Personal information
- Full name: Robert Allison
- Born: 21 October 1913 Portland, New South Wales, Australia
- Died: 8 November 1997 (aged 84)

Playing information
- Position: Second-row, Lock
Club
| Years | Team | Pld | T | G | FG | P |
| 1935–36 | Western Suburbs | 7 | 2 | 0 | 0 | 6 |
| 1939–45 | Canterbury-Bankstown | 66 | 6 | 0 | 0 | 18 |
|  | Total | 73 | 8 | 0 | 0 | 24 |
- Source: As of 16 April 2019

= Bob Allison (rugby league) =

Australian rugby league footballer

Bob Allison (21 October 1913 – 8 November 1997) was an Australian professional rugby league footballer who played in the 1930s and 1940s. He played for Canterbury-Bankstown and for Western Suburbs in the New South Wales Rugby League (NSWRL) competition.

==Playing career==
Allison made his first grade debut for Wests against Balmain in Round 6 1935 at the Sydney Cricket Ground. Western Suburbs would go on to reach the finals in 1935 but were defeated by Eastern Suburbs. Allison played one further season with Wests before leaving at the end of 1936.

Due to the residency rules at the time, Allison missed two years of playing before signing with Canterbury in 1939. Allison scored a try on debut for the club against Eastern Suburbs and was a member of their City Cup winning team.

In 1940, Canterbury reached their second grand final against Eastern Suburbs. Allison played at second-row as Canterbury were defeated 24–14 at the Sydney Cricket Ground. The following season, Canterbury finished 2nd in 1941 and reached the final but were once again defeated by Easts 24–22.

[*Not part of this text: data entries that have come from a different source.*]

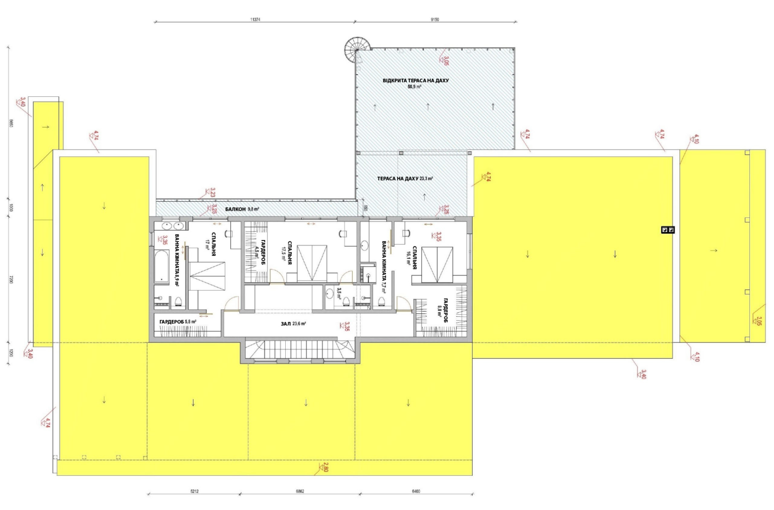 Додавши сходи, будинок можна розширити за рахунок часткового другого поверху зі спальнями, балконом і терасою на даху. Розмір другого поверху також можна варіювати залежно від необхідної площі та побажань власника.
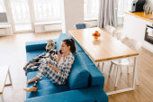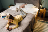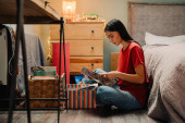 Młoda Latynoska kobieta korzystająca z telefonu komórkowego siedząc na krześle w sypialni w domu
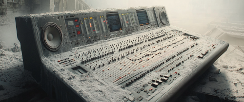a large mixing console heavily covered in tons of white and grey dust and ashes lying in an abandoned flat infinite landscape, post atomic mood --ar 43:18
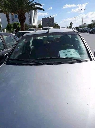 Il faut croire que cet automobiliste n’était pas à son premier coup d’essai. Précautionneux, l’homme a pris le temps d’imprimer une affiche indiquant « A la mosquée pour la prière » et l’a déposé en évidence sur son pare-brise, pour qui le chercherait…

In 1942, Allison only made two appearances for Canterbury and missed out on the club's second premiership victory over St George. In the following two seasons, Canterbury went from winning the premiership in 1942 to running last in 1943 and 1944 claiming the wooden spoon. As of the 2019 season, no other club has gone from premiers to wooden spooners the next season with the exception of Melbourne who won the premiership in 2009 but were later stripped of the title for major breaches of the salary cap in 2010 and made to play for no points which resulted in the club coming last.

Allison played up with Canterbury up until the end of 1945 before retiring. His last game for the club was the reserve grade grand final against South Sydney. In total, Allison played 105 games for Canterbury across all grades. In 2004, he was nominated for the Berries to Bulldogs 70 Year Team of Champions.